#### Your goal:
Find "Sitrin, pembe kuvars", then copy its line and every later line of the entries exactly through the end, leaving all pictures out.

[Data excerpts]
^^^^^^^^

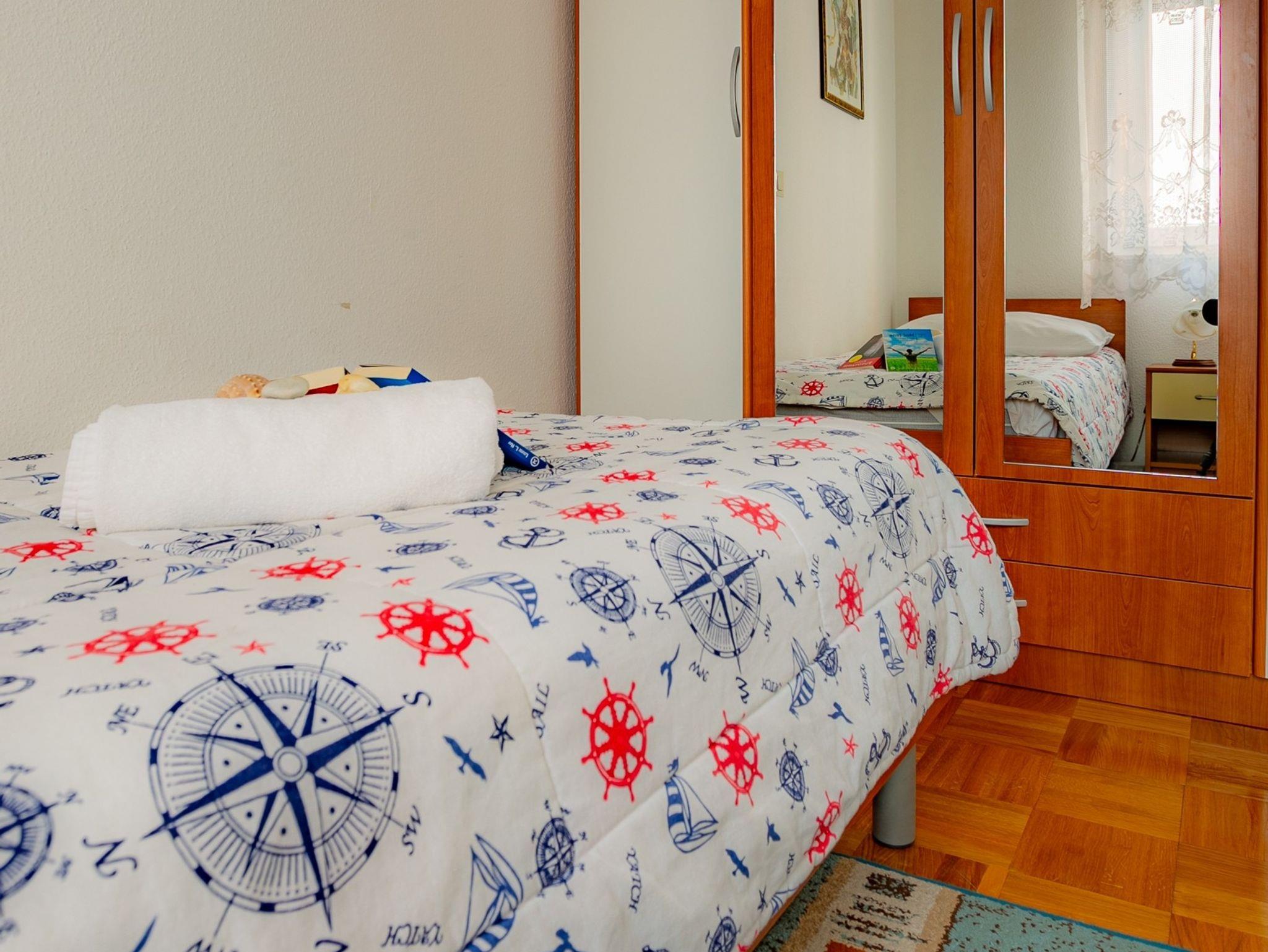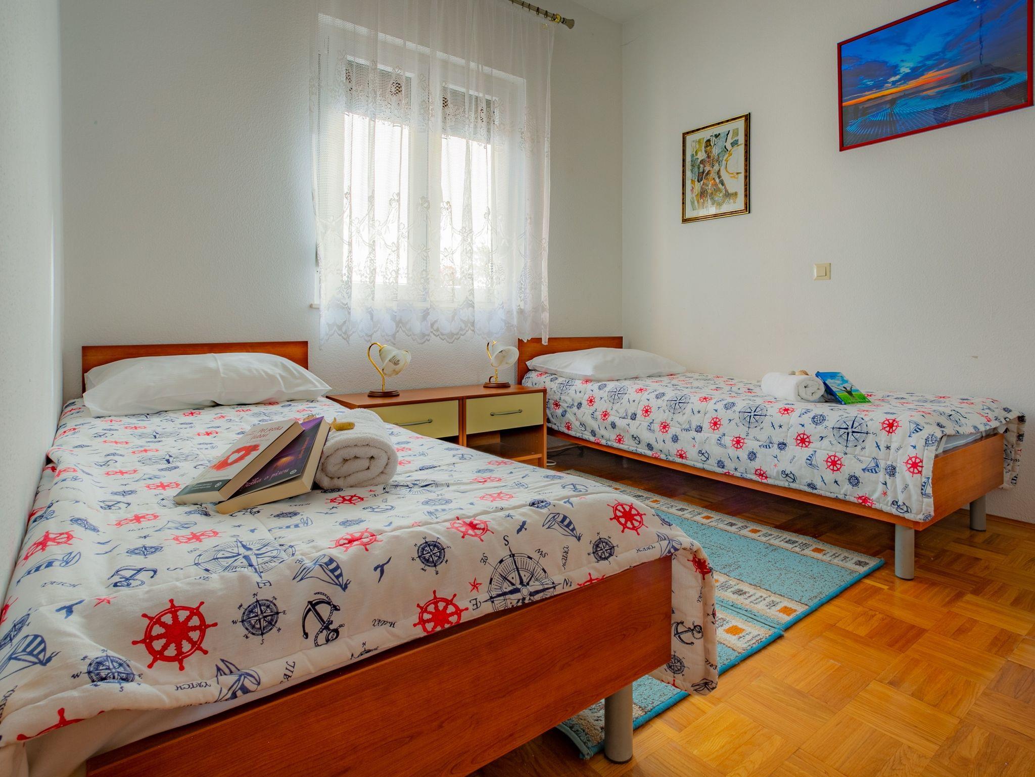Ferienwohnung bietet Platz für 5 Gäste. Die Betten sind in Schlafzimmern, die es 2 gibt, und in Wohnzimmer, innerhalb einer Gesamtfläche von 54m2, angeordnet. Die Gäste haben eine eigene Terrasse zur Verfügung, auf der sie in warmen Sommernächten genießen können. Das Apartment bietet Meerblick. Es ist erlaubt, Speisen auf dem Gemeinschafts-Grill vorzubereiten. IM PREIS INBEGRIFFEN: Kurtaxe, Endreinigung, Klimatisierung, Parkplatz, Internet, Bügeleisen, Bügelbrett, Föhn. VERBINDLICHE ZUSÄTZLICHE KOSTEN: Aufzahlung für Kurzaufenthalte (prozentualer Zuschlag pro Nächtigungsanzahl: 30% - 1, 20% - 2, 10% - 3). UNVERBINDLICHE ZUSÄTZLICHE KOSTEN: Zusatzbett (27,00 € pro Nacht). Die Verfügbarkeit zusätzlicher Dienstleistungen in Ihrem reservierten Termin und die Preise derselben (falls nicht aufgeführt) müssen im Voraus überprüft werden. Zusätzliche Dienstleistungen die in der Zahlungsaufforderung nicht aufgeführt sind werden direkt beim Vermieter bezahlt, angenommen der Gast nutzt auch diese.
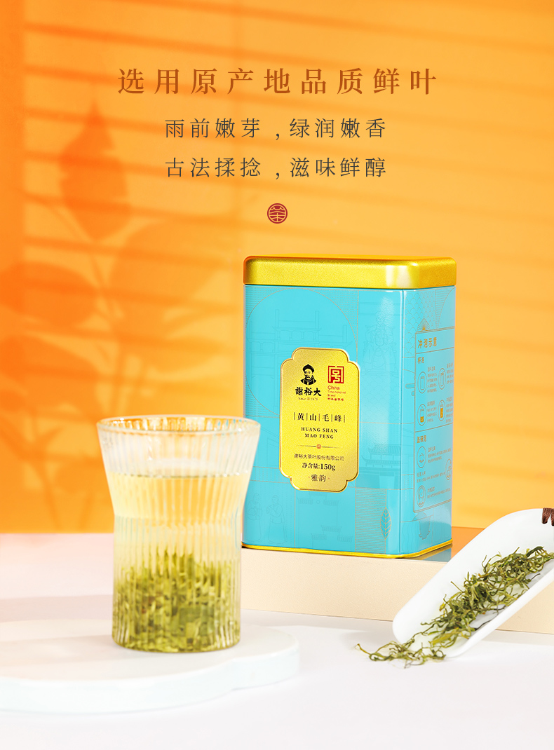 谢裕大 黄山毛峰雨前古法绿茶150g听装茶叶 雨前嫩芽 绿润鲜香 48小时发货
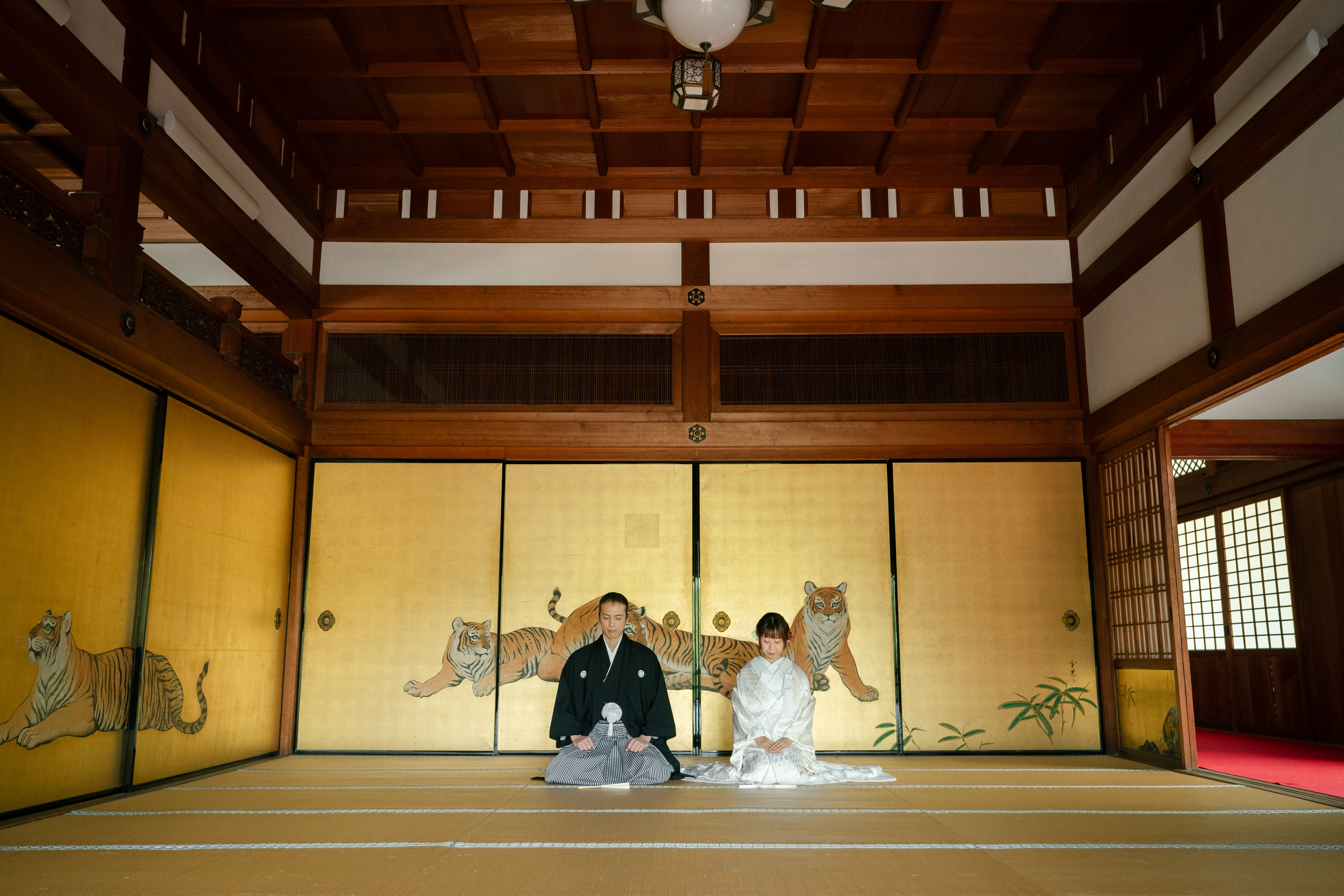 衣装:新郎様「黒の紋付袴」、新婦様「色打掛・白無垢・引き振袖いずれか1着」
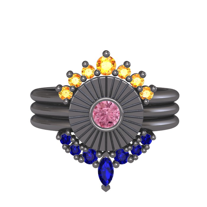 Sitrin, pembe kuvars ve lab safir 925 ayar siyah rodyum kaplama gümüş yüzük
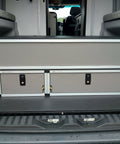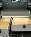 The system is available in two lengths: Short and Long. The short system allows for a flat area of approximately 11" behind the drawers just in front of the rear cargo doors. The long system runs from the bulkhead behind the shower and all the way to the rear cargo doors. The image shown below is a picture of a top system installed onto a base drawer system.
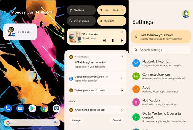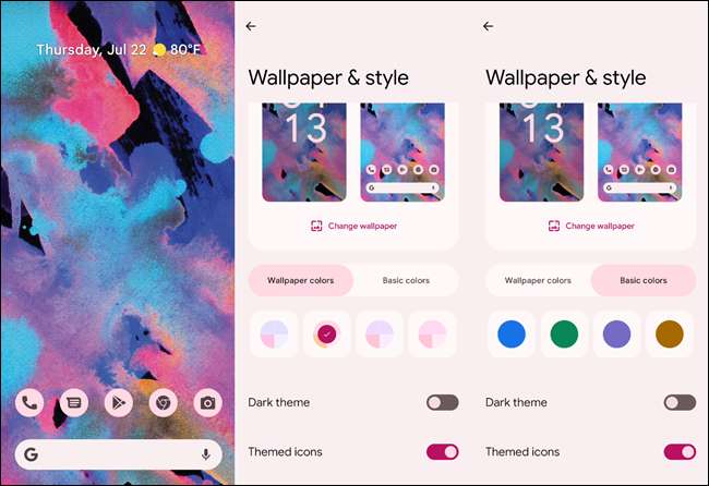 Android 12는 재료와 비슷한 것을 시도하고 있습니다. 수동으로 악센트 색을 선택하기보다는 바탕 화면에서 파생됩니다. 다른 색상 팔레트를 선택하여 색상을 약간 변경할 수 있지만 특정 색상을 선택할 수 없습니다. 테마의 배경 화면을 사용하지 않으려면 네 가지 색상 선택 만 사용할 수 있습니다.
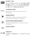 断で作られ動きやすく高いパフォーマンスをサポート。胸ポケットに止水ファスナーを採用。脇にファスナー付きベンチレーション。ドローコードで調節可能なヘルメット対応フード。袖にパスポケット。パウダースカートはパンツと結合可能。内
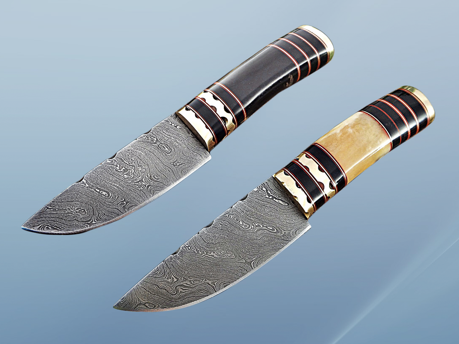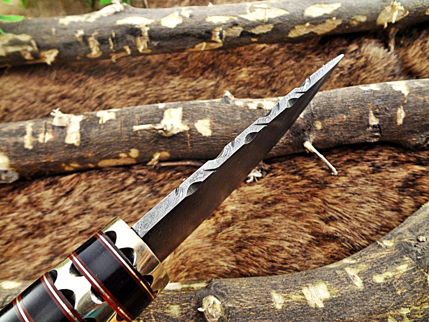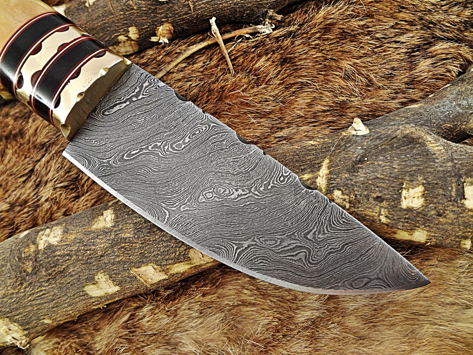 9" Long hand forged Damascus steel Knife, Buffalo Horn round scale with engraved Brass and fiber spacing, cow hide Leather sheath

^^^^^^^^

#### Exercise solution:
 Sitrin, pembe kuvars ve lab safir 925 ayar siyah rodyum kaplama gümüş yüzük
 The system is available in two lengths: Short and Long. The short system allows for a flat area of approximately 11" behind the drawers just in front of the rear cargo doors. The long system runs from the bulkhead behind the shower and all the way to the rear cargo doors. The image shown below is a picture of a top system installed onto a base drawer system.
 Android 12는 재료와 비슷한 것을 시도하고 있습니다. 수동으로 악센트 색을 선택하기보다는 바탕 화면에서 파생됩니다. 다른 색상 팔레트를 선택하여 색상을 약간 변경할 수 있지만 특정 색상을 선택할 수 없습니다. 테마의 배경 화면을 사용하지 않으려면 네 가지 색상 선택 만 사용할 수 있습니다.
 断で作られ動きやすく高いパフォーマンスをサポート。胸ポケットに止水ファスナーを採用。脇にファスナー付きベンチレーション。ドローコードで調節可能なヘルメット対応フード。袖にパスポケット。パウダースカートはパンツと結合可能。内
 9" Long hand forged Damascus steel Knife, Buffalo Horn round scale with engraved Brass and fiber spacing, cow hide Leather sheath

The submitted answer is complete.